Allison’s grinning like the cat that ate the canary, staring at me across the greasy diner table. She’s an art director at a Chicago ad agency.
She lays it out: Tom Horn Smokeless Tobacco needs new faces.
“Think you’ve got what it takes?” she asks.
I sip my coffee, thinking about my rent, bills, and half-paid-off Harley parked outside and all those suck-ass nights behind the bar, pretending to enjoy serving booze to frat boys and Lincoln Park trixies.
“Pay any good?” I ask, playing it cool like McQueen in a getaway car.
“Pays enough to get you out from behind that bar,” she says.
Allison must see something in me other than a 30-year-old bartender riding life’s rough road.
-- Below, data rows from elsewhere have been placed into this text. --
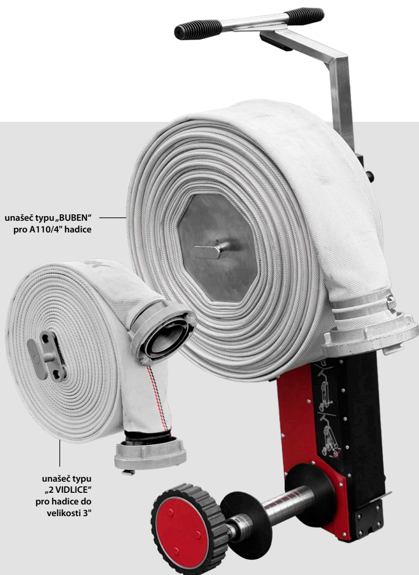
unašeč typu „2 VIDLICE“ pro hadice do velikosti 3"
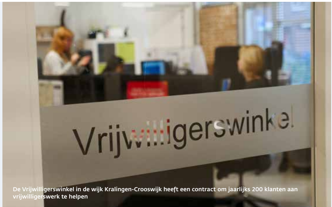
De Vrijwilligerswinkel in de wijk Kralingen-Crooswijk heeft een contract om jaarlijks 200 klanten aan vrijwilligerswerk te helpen

structuur, werkervaring, gezondheid en betekenisgeving. De tegenprestatie is geen straf, maar moet mensen helpen in hun persoonlijke ontwikkeling.
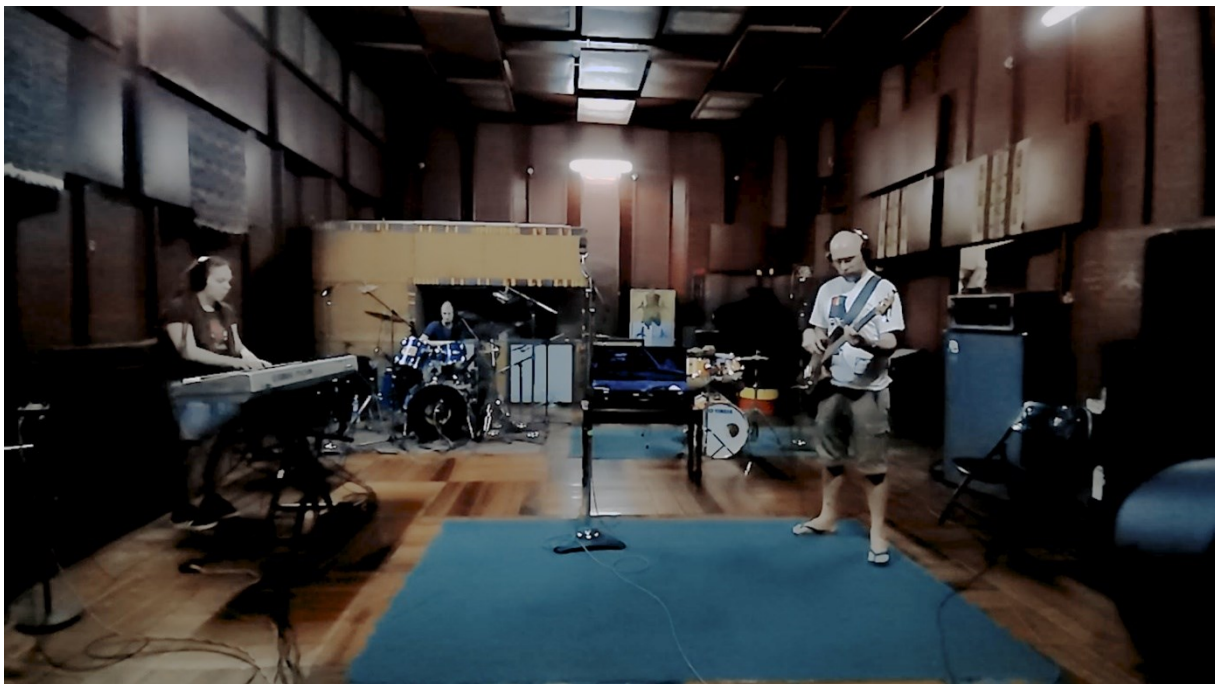
Fotografija 4 – Soba za snimanje u Tuff Gongu (fotografirala: Magda Mas, veljača 2020).
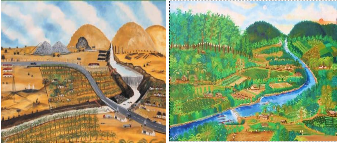
Ilustración 1. Dibujo amarillo y verde de SANK

En la Costa Pacífica del Cauca, la Fundación Chiyangua ejerce la coordinación y secretaría técnica de la red Matamba y Guasá que articula a 32 organizaciones de mujeres de tres municipios de la costa pacífica caucana. Junto con la Fundación Chiyangua que coordina acciones en el municipio de Guapi, la organización "Apoyo a Mujer" coordina el trabajo en el municipio de Timbiquí, mientras que "Asomo África" lo hace en el municipio de López. Bajo el lema "Mujer, cultura y territorio", las organizaciones de la Red Matamba y Guasá con el apoyo de la Fundación ACUA, luchan por la "dignificación de la mujer negra" y la promoción de sus derechos, así como por la valorización de productos y recetas tradicionales y el reconocimiento del rol fundamental de las mujeres en los hogares, comunidades y territorios. El punto de entrada de la transición agroecológica en la costa Pacífica del Cauca se relaciona al principio de valores sociales y dietas.
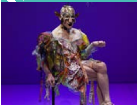
People Will People You
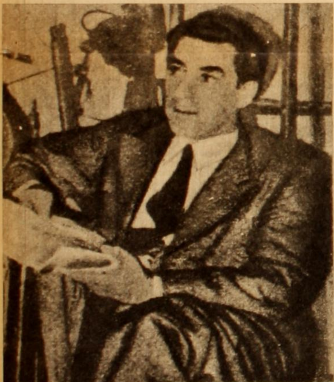
Roberto Arlt: llevó el lunfardo en la literatura a su máxima expresión.

Muñoz tuvo una noche exuberante. su abuso por las bebidas alcohólicas le produjo un mal incurable que lo llevó a la tumba. Murió el 9 de mayo de 1950. Se nos hace que algún reo, en cualquier gayola, debe haberlo llorado. Por sus sentimientos reos expresados en lunfardo mediante sus poemas bajos, Carlos de la Púa integra la antología del lunfardo por derecho propio. El tiempo ha traicionado sus temas. Sólo podemos apreciarlo en sus radiografías del suburbio, grávidas de vida rante y también de calidad parcialmente cristalizada. Sin embargo, creemos que su aporte al enriquecimiento de la lengua dialectal lunfardesca es inconmensurable, y llega a superar a su contribución poética. Por lo demás, y con sus versos en nuestras manos, podríamos parafrasearlo: "Vivirás, Carlos de la Púa, mientras taje la grella de la crencha engrasada / mientras viva un poeta / un ladrón y una puta". Así de fuerte, como al Malevo Muñoz le hubiera gustado.
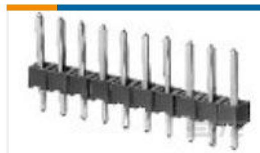
TE 产品编号5-146276-2 02 MODII HDR SRST B/A .100CL
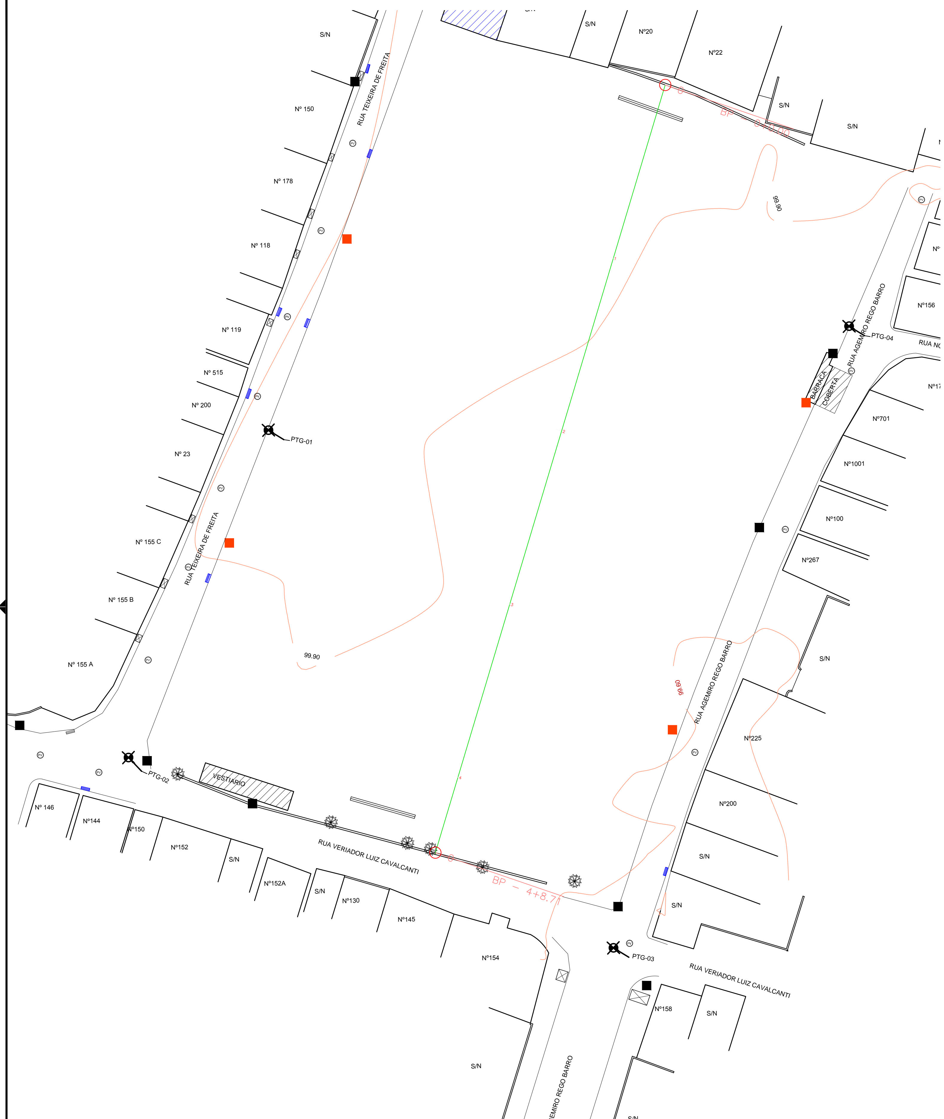
LEVANTAMENTO PLANIMÉTRICO ESCALA 1/250
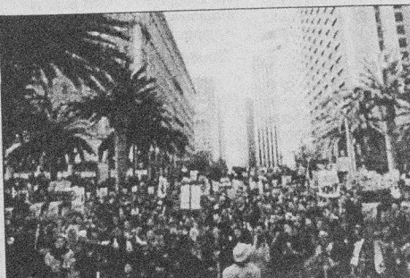
Διαδηλωτές στο Σαν Φραντζίσκο

Οι λαοί κινητοποιούνται και διαδηλώνουν ενάντια στα πολεμοχαρή σχέδια των ιμπεριαλιστών. Από την συγκέντρωση του 1,5 εκατομμυρίου Ιταλών στις 5 Οκτώβρη μέχρι το ένα εκατομμύριο της συγκέντρωσης στην Φλωρεντία στις 9 του Νοέμβρη και ενδιάμεσους σταθμούς διαδηλώσεις στην ίδια την Αμερική με εκατοντάδες χιλιάδες κόσμου από το Σαν Φραντζίσκο ως την Ουάσινγκτον, το Λονδίνο, την Αυστρία, την Ιαπωνία. Αλλά και τις χιλιάδες των διαδηλωτών της Ελλάδας στις 31 Οκτώβρη (Αθήνα, Θεσσαλονίκη, Πάτρα, Ηράκλειο, Βόλο, Γιάννενα, Χανιά, Καρό-τσα, Τρίκαλα, Καλαμάτα κ.α.) λένε ΟΧΙ στον πόλεμο του πετρελαίου. Οι διαδηλωτές στην Ελλάδα βροντοφώνα-ξαν φτάνοντας ως την αμερικανική πρεσβεία: ΟΧΙ στο σχεδιαζόμενο θρώμικο πόλεμο κατά του Ιράκ. ΟΧΙ στην εμπλοκή της Ελλάδας στον πόλεμο με οποιαδήποτε μορφή. ΟΧΙ στο φονικό εμπόργκο κατά

Maybe I’ll try it. Hell, I might even take my clothes off for the right price.
I meet the casting director, an excruciatingly well-groomed guy named Mr. Jones with a Harvard accent and a Vassar attitude. He eyes me like I’m fresh meat or maybe yesterday’s leftovers.
“Allison tells me you exude a certain charm,” he says, making “charm” sound like something linked to herpes.
Pay’s more than good. It’s damn good. I sign the contract, fill out a form for direct deposit, and we shake hands. Allison’s smiling like she’s won the lottery.
“Ready for the big time?” she asks as we walk toward our bikes.
“Born ready,” I say.
Copyright © 2023 L.T. Hanlon

well-groomed guy with a Harvard accent and a Vassar attitude. He eyes me like I’m fresh meat or maybe yesterday’s leftovers. WoW you have the image down to the smallest pimple.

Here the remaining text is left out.